%%

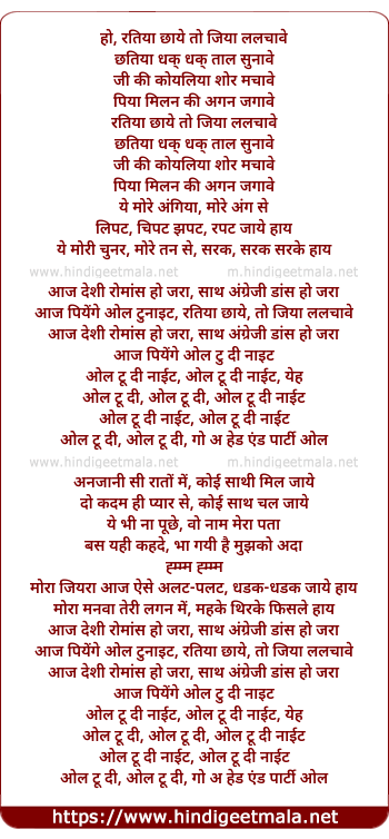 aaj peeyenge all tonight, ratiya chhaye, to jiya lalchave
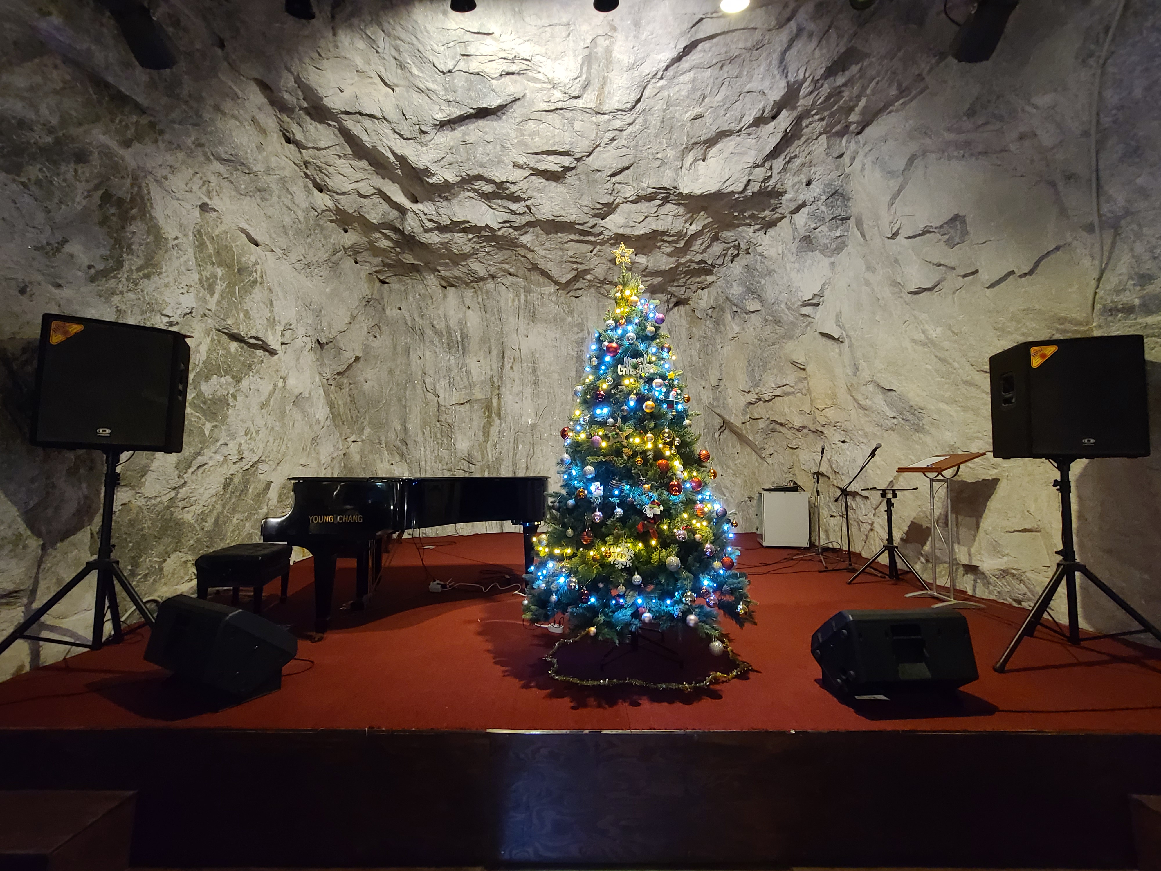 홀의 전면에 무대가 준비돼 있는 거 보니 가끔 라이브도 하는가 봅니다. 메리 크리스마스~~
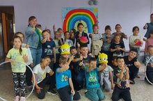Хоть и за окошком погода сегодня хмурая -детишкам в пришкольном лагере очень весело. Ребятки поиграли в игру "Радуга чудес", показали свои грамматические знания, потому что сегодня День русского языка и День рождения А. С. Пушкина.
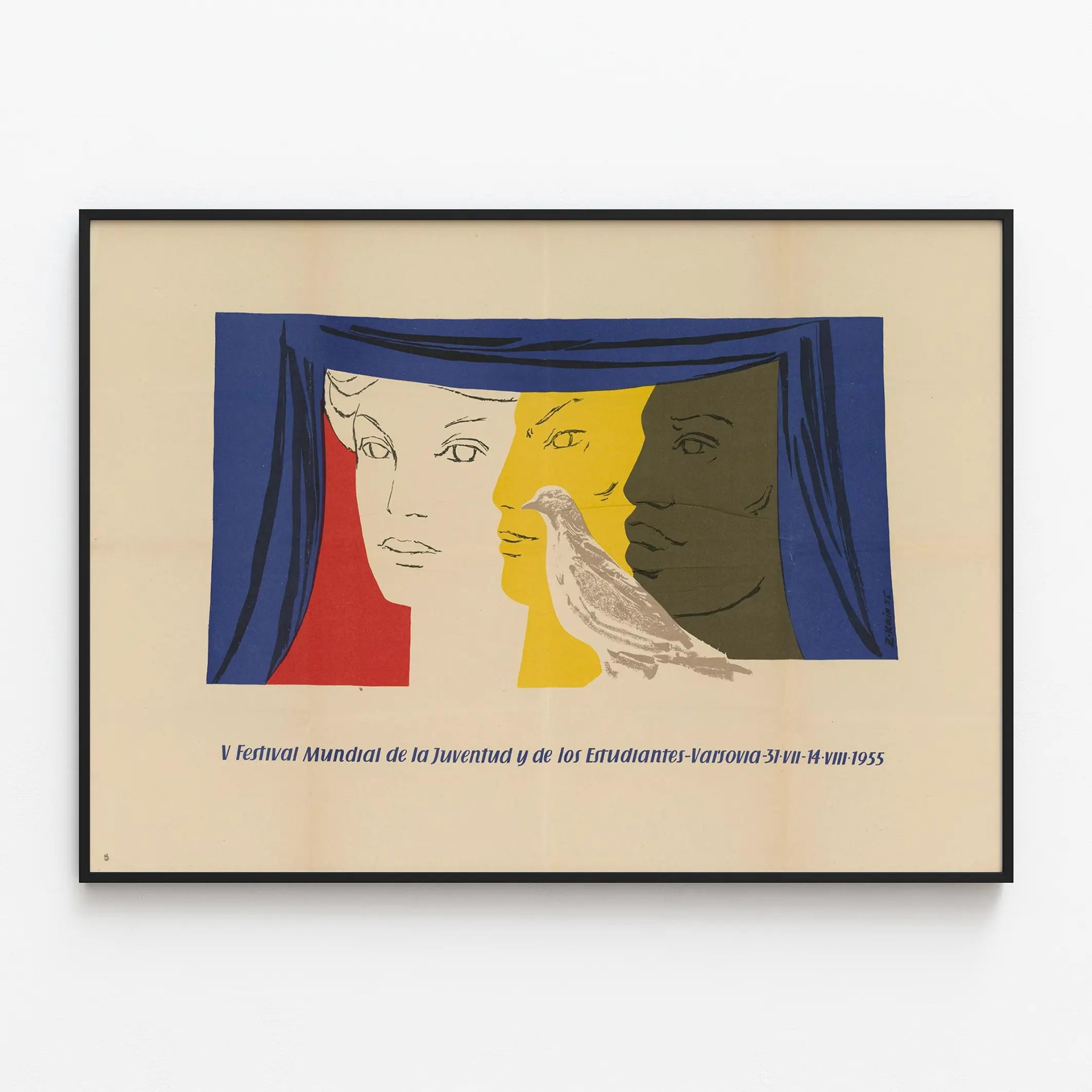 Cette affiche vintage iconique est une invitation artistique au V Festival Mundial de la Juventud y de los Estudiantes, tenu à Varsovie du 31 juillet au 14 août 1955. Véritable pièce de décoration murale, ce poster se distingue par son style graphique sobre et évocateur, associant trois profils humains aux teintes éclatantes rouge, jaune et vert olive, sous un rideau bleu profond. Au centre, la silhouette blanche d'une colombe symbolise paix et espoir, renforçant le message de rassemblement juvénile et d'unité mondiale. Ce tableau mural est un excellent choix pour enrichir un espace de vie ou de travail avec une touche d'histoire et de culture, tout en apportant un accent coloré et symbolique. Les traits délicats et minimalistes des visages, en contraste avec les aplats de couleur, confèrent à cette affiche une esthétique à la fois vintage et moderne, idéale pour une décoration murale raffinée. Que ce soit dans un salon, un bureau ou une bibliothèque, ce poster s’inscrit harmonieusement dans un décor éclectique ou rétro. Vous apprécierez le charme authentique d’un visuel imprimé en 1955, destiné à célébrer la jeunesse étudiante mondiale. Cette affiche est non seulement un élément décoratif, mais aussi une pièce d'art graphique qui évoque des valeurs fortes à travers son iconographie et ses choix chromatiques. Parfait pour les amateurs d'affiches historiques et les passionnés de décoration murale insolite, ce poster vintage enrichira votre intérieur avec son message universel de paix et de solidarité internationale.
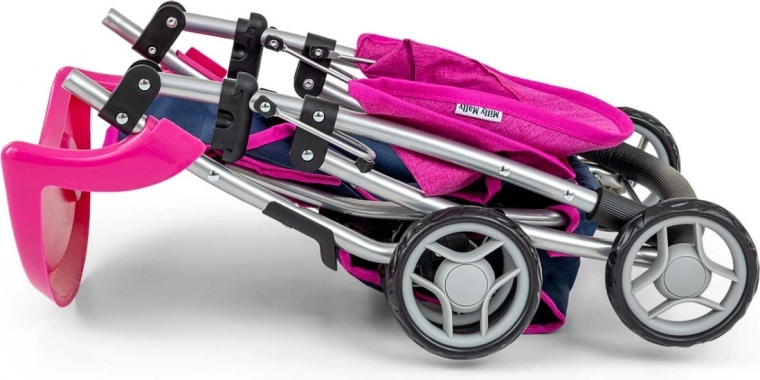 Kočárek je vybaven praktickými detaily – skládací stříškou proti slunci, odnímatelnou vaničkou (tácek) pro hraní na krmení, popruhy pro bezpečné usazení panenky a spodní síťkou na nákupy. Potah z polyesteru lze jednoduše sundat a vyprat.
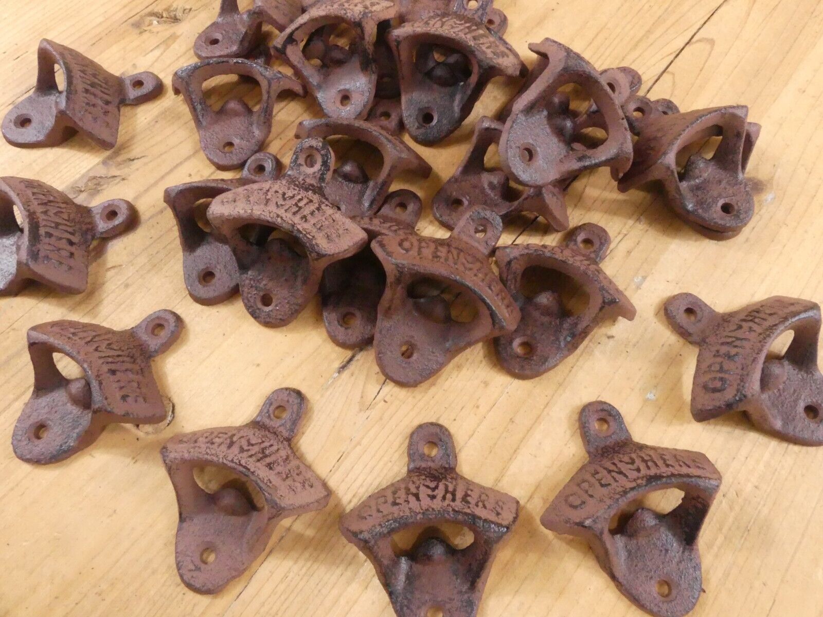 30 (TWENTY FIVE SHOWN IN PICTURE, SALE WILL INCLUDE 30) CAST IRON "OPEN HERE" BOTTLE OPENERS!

%%
%%

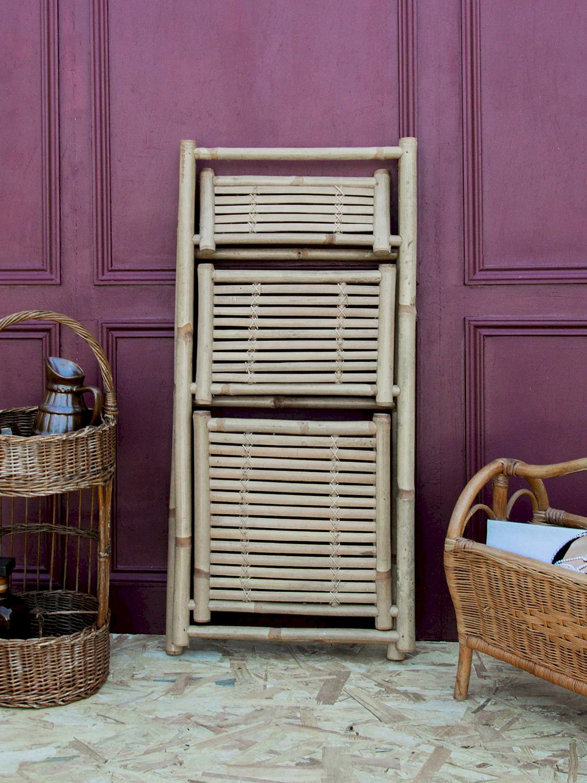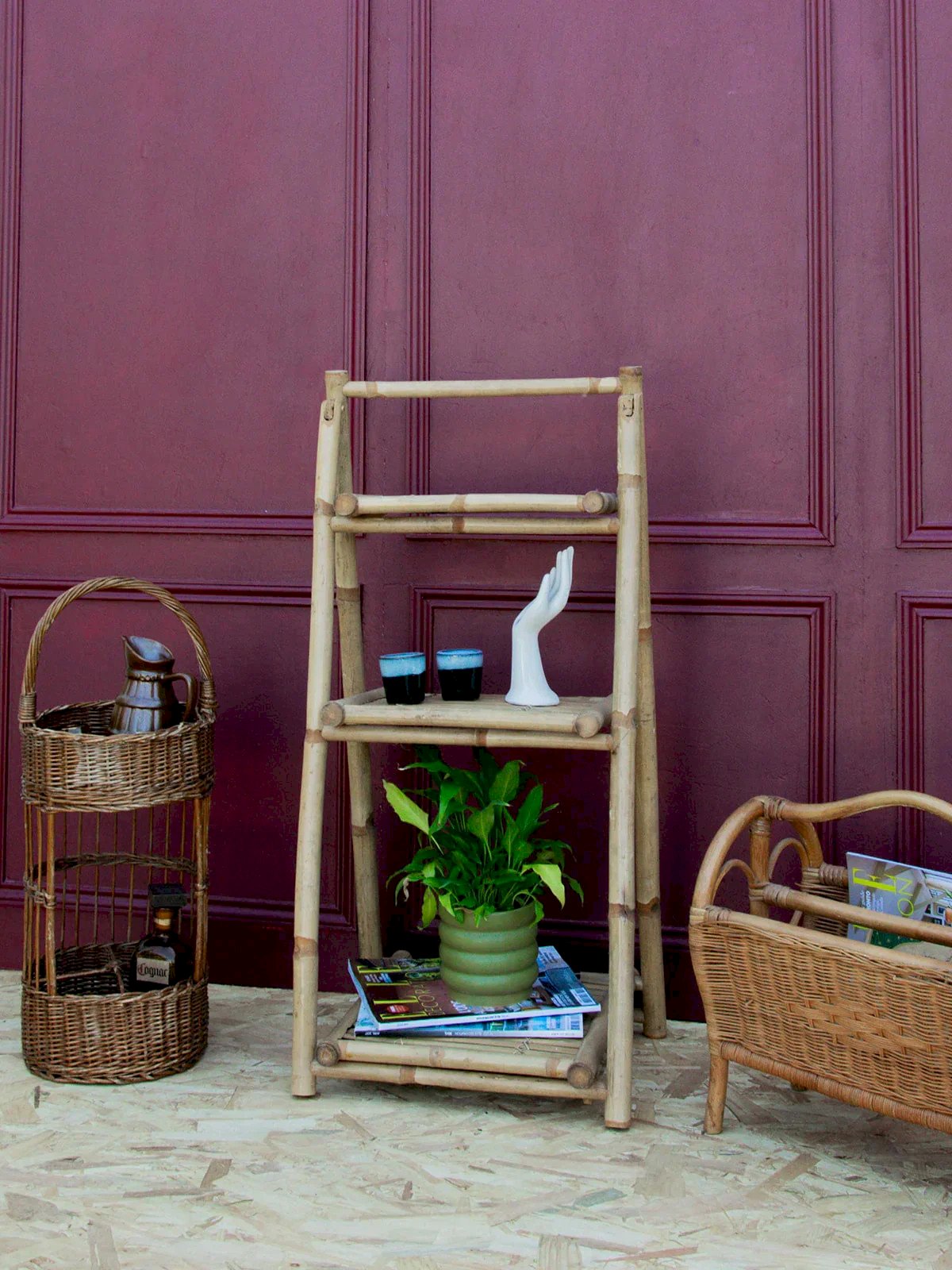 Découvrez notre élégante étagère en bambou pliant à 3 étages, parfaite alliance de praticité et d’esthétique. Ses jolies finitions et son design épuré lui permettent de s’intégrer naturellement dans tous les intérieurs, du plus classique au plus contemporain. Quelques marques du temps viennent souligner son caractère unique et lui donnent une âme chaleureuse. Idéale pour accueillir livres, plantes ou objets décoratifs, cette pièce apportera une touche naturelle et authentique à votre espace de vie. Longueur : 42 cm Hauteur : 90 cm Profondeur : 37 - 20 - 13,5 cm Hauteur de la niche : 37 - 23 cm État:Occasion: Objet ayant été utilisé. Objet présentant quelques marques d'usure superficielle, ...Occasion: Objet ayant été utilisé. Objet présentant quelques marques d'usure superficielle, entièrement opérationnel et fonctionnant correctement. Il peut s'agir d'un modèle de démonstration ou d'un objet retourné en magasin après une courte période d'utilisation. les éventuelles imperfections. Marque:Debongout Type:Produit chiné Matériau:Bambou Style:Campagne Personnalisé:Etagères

%%

• [ACTION ITEM] Copy out the listing above from the line containing "홀의 전면에 무대가 준비돼" to the line containing "Хоть и за окошком", both included, exactly as written and minus the images.

• [RESULT BELOW]
 홀의 전면에 무대가 준비돼 있는 거 보니 가끔 라이브도 하는가 봅니다. 메리 크리스마스~~
Хоть и за окошком погода сегодня хмурая -детишкам в пришкольном лагере очень весело. Ребятки поиграли в игру "Радуга чудес", показали свои грамматические знания, потому что сегодня День русского языка и День рождения А. С. Пушкина.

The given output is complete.